He’d rattled the rest of it off like a machine gun, high speed data, but that bit tripped him up. It was all right, I knew exactly what Flynn meant.

“Or you stay with me while you’re out here.” I finished for him. I’d made the offer a few times and meant it, pretty sure that something like this would happen sooner or later. “Is Flynn happy for you to come alone if you’re staying here?”

After years of experience of inventive truths from varying members of our family, I always check. Dale sounded extremely dry about it.

“More or less. We’re negotiating.”

Yes, I was sure they were. Flynn certainly wasn’t just going to let that boy dive over to New York with an hour’s notice and no kind of back up, but I was surprised at how intent Dale sounded. Whenever we’d spoken about work, it had been with what I felt was such a lack of interest that had made me seriously wonder if he’d burned out, but this clearly had his whole attention and the adrenaline was clearly flowing. Maybe you’ve got to work in this world to really understand it, but if you don’t get something out of it that you need, whatever that is, then there’s nothing to buffer you through the rough stuff this business is going to throw at you, and there’s no reason for you to stay.

“Negotiating what?” I asked him, and I recognised the grunt in the background. No one grunts like Flynn. He can stuff whole speeches into his more expressive ones.

“A plane is on its way out here now,” Dale said crisply, taking no notice at all of the question. “I should reach JFK by eleven am and I have a meeting booked for one pm-”

I’ve been steam-rollered by plenty of brats in my time and he was doing a fine job, but I still interrupted him.

“Then I’ll meet you at the airport at eleven. Pass me over to Flynn.”

“No, there’s no need for you to be bothered with that, I know New York well and I’ll go straight to the office from the airport-”

“You’ll come here, unpack and get settled in first like a real person who’s staying with family rather than checking into a hotel.” I said firmly. “It’s no bother, that’s how it works. How about you hand the phone to Flynn now?”
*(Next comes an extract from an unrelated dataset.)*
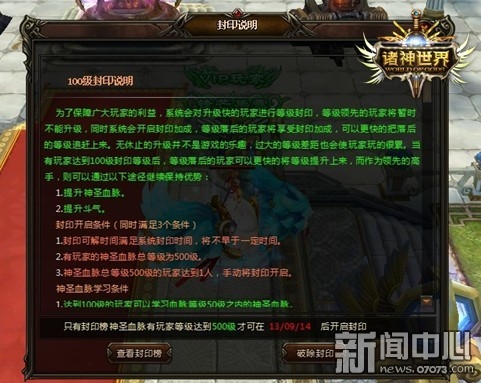 ¡¡¡¡²»Í¬ÓÚÄÇЩһζֻ׷ÇóµÈ¼¶Ò³ÓΣ¬¡¶ÖîÉñÊÀ½ç¡·Îª±£ÕÏÍæ¼ÒÀûÒæ£¬¶ÔÓÚÉý¼¶½Ï¿ìµÄÍæ¼Ò½øÐеȼ¶·âÓ¡¡£Í¬Ê±ÏµÍ³»á¿ªÆô·âÓ¡¼Ó³É£¬µÈ¼¶ÂäºóµÄÍæ¼Ò½«»á»ñµÃ¸ü¶à¾Ñ飬¸ü¿ìµÄ½«ÂäºóµÄµÈ¼¶¸ÏÉÏÀ´¡£´Ó60¼¶¿ªÊ¼£¬ÏµÍ³±ã»á×Ô¶¯¿ªÆô·âÓ¡¹¦ÄÜ¡£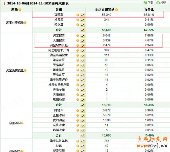 通過直通車引流使得賬戶流量大大提升,其中直通車占比較大。雖然淘寶自然搜索的占比變低了,但是瀏覽量卻大大提升。這也是直通車引流帶動的另一個好處。

There was a few seconds silence that was definitely irritated, and then an extremely polite British accent saying in the background,

“He appears to feel that you’re the appropriate authority to discuss this with.”

He does cheek so politely that I find I’ve generally been listening a few seconds before it dawns on me just how smart he’s being. There was a muffled sound I recognised very well as a swat, and Flynn informing him that damn straight he was, and Dale could go fill the kitchen corner. Flynn sounded even shorter than usual, and his phone manner is rough at the best of times.

“Luthe, it’s me.”

“I’ll have him with pleasure, don’t worry.” I said before he needed to say anything else in Dale’s earshot likely to wind him up any higher than he clearly already was. “I’ve got no other plans this week. Call me back once he’s on the plane and we’ll talk about arrangements, but I always said I’d be glad to have him any time he’s working out this way.”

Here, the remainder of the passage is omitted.